- WHAT THE TASK ASKS
Could you repeat the listing exactly, leaving out the pictures?

- RAW DATA
***
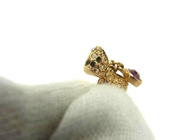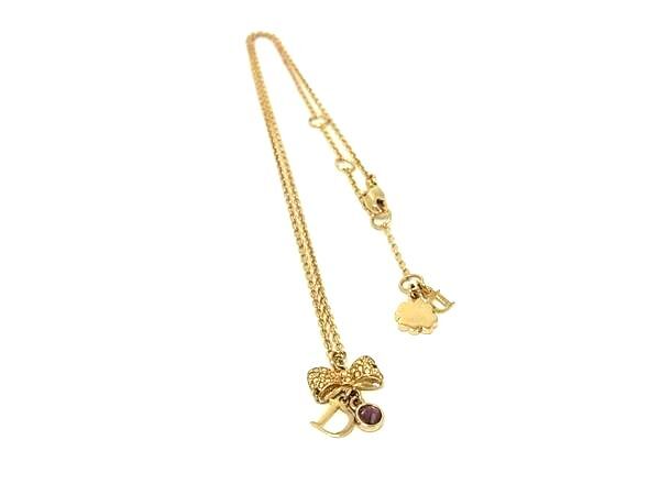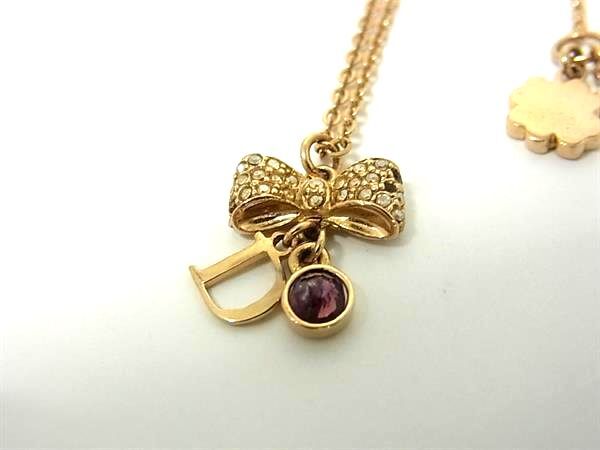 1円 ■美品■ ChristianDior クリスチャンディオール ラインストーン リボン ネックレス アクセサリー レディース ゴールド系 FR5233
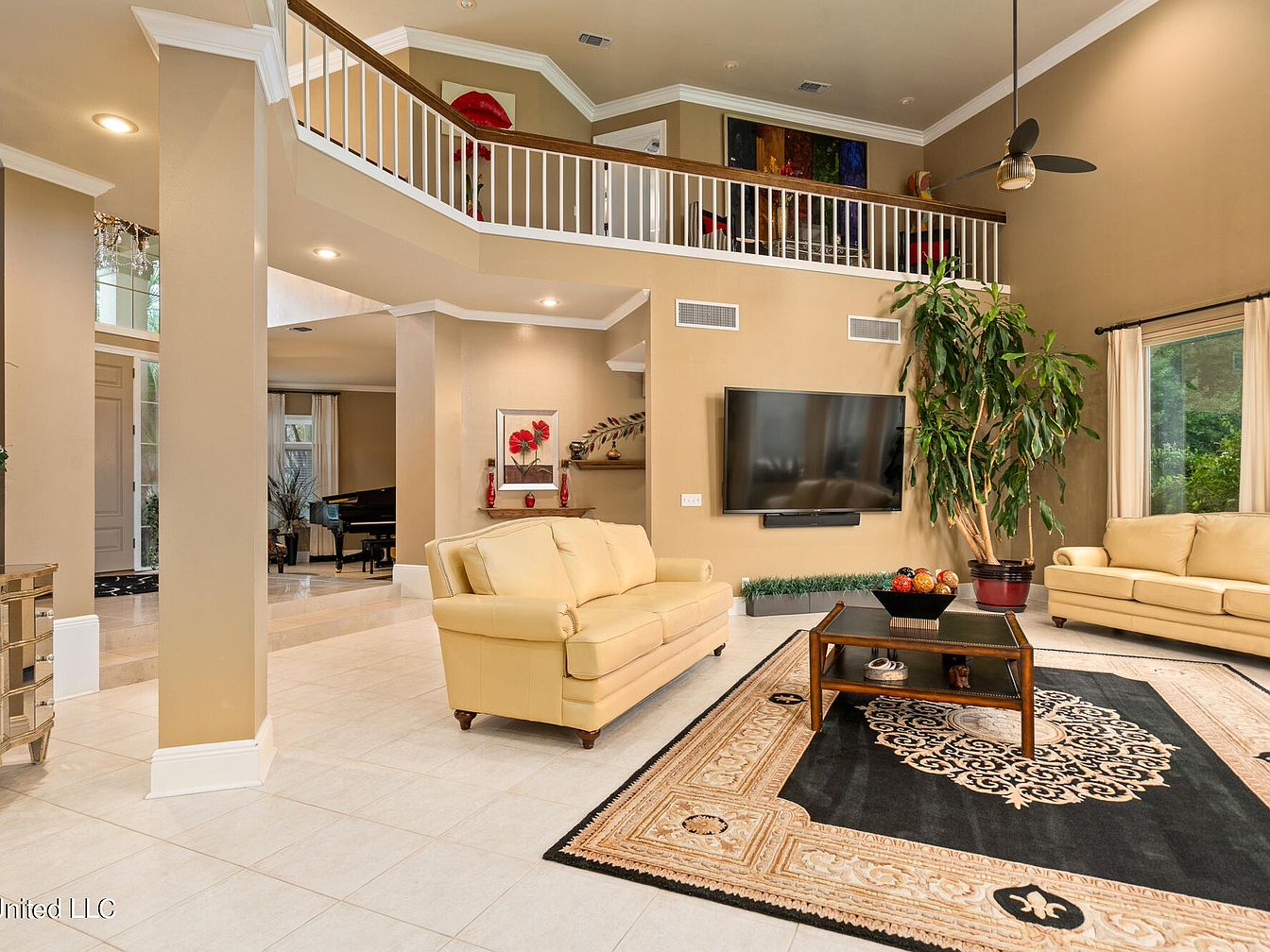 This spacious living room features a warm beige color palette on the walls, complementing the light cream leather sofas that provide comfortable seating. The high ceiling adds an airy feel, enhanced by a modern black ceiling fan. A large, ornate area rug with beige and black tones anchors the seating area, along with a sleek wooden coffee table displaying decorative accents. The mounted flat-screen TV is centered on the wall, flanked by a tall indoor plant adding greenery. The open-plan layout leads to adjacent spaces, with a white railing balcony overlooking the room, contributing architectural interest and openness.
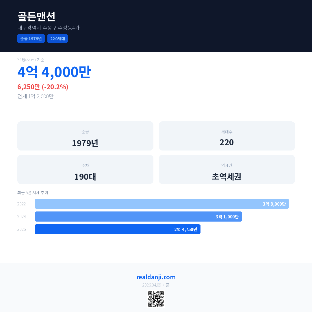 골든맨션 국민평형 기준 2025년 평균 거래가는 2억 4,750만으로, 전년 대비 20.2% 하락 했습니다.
***
- WRITTEN SOLUTION
 1円 ■美品■ ChristianDior クリスチャンディオール ラインストーン リボン ネックレス アクセサリー レディース ゴールド系 FR5233
 This spacious living room features a warm beige color palette on the walls, complementing the light cream leather sofas that provide comfortable seating. The high ceiling adds an airy feel, enhanced by a modern black ceiling fan. A large, ornate area rug with beige and black tones anchors the seating area, along with a sleek wooden coffee table displaying decorative accents. The mounted flat-screen TV is centered on the wall, flanked by a tall indoor plant adding greenery. The open-plan layout leads to adjacent spaces, with a white railing balcony overlooking the room, contributing architectural interest and openness.
 골든맨션 국민평형 기준 2025년 평균 거래가는 2억 4,750만으로, 전년 대비 20.2% 하락 했습니다.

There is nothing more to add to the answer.